3. It is further alleged that each retailer/wholesaler is provided with a retailer card which gives details of sales made by him and as and when purchases are made, the unit salesman will make entries of such purchases. Normally, a TSI is expected to work in the market for 6 hours a day and make about 35 to 40 calls on the retailers and wholesalers. In the stock control statement, the TSI also makes entries regarding his working with the redistribution stockist unit, the number of calls made by him and the value of the sales effected by him while working with the unit in the market. The object of the maintenance of Stock Control Statement, retailer cards, the submission of daily sales report is that it will prevent the TSI from malingering or making in any false reporting as the entries if not instantaneously made in the normal discharge of his work, there will be bound to be some discrepancies which will expose erring TSI of his irregularities in the discharge of his work.

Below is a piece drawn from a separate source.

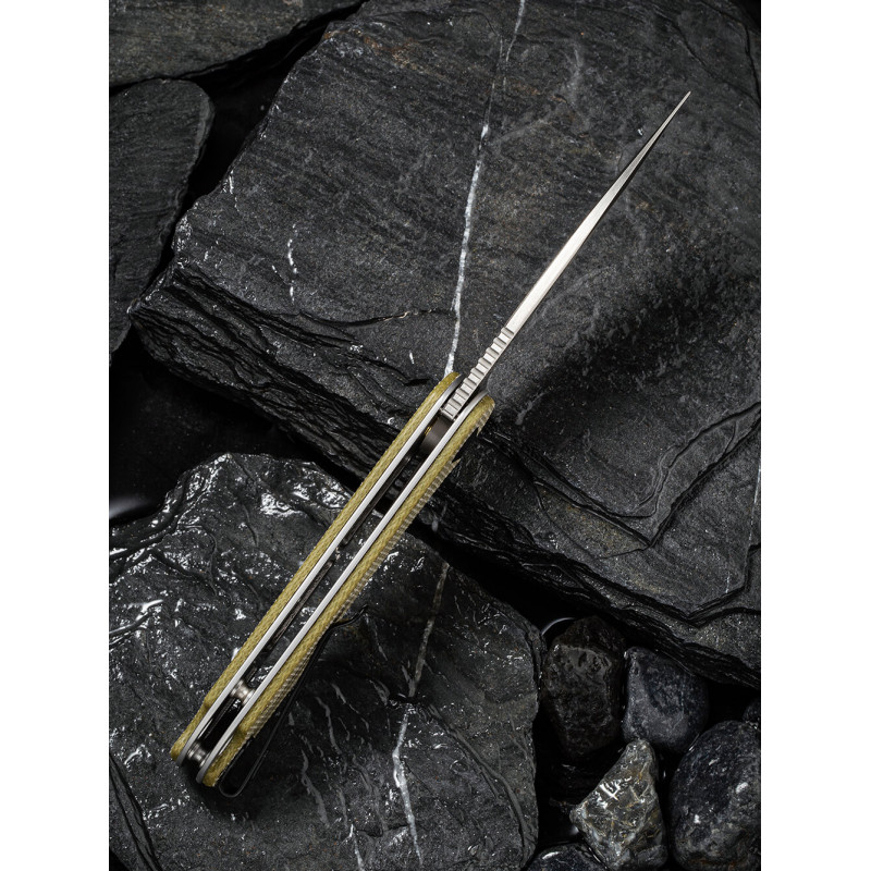 Рукоятка моделі виконана з мікарти. Це – композитний матеріал із льону та синтетичної смоли. Він виглядає чудово і гарантує достатнє зчеплення. Таким чином, керувати ножем дуже просто. Він стійкий до інтенсивних навантажень.

4. It is further alleged that the Area Sales Manager of the appellant/Management found certain discrepancies in the daily sales reports of the appellant and they were not received for certain days in April 1989. When the matter was probed into further, it became evident that the second respondent was not working in the market as reported by him and he was making false reports about his working. The investigation made by the Area Sales Manager revealed that though in his daily sales report for 03.05.1989 the 2nd respondent stated that he worked from 1000 hours to 1400 hours and from 1500 hours to 1700 hours and made 35 calls, he had really worked for about half an hour only making 3 to 4 calls. Further in his daily report for 04.05.1989, the 2nd respondent stated that he worked from 1030 hours to 1330 hours in Othakadai and from 1400 hours to 1800 hours in K.K. Nagar area making a total of 35 calls but he had actually worked only for half a day with the Unit in Othakadai area and had made only 20 calls. He did not work in K.K. Nagar area at all on 04.05.1989. The 2nd respondent did not submit his daily reports for 05.05.1989 and 06.05.1989. In his stock control statement dated 20.05.1989, he showed that he made a total of 146 calls on 24.04.1989, 03.05.1989, 04.05.1989, 05.05.1989 and 06.05.1989. When the redistribution stockist Mr. Rajan of M/s. Visalakshi Syndicate was questioned, it was gathered that on 05.05.1989, the 2nd respondent worked with the R.S. Unit till 1400 hours and on 06.05.1989 he did not work in the market at all. It was also reported that on 03.05.1989, 04.05.1989 and 05.05.1989 while leaving the market in the middle, the 2nd respondent took away the retailer cards to fill them subsequently in order to make it appear that he had actually worked in the market.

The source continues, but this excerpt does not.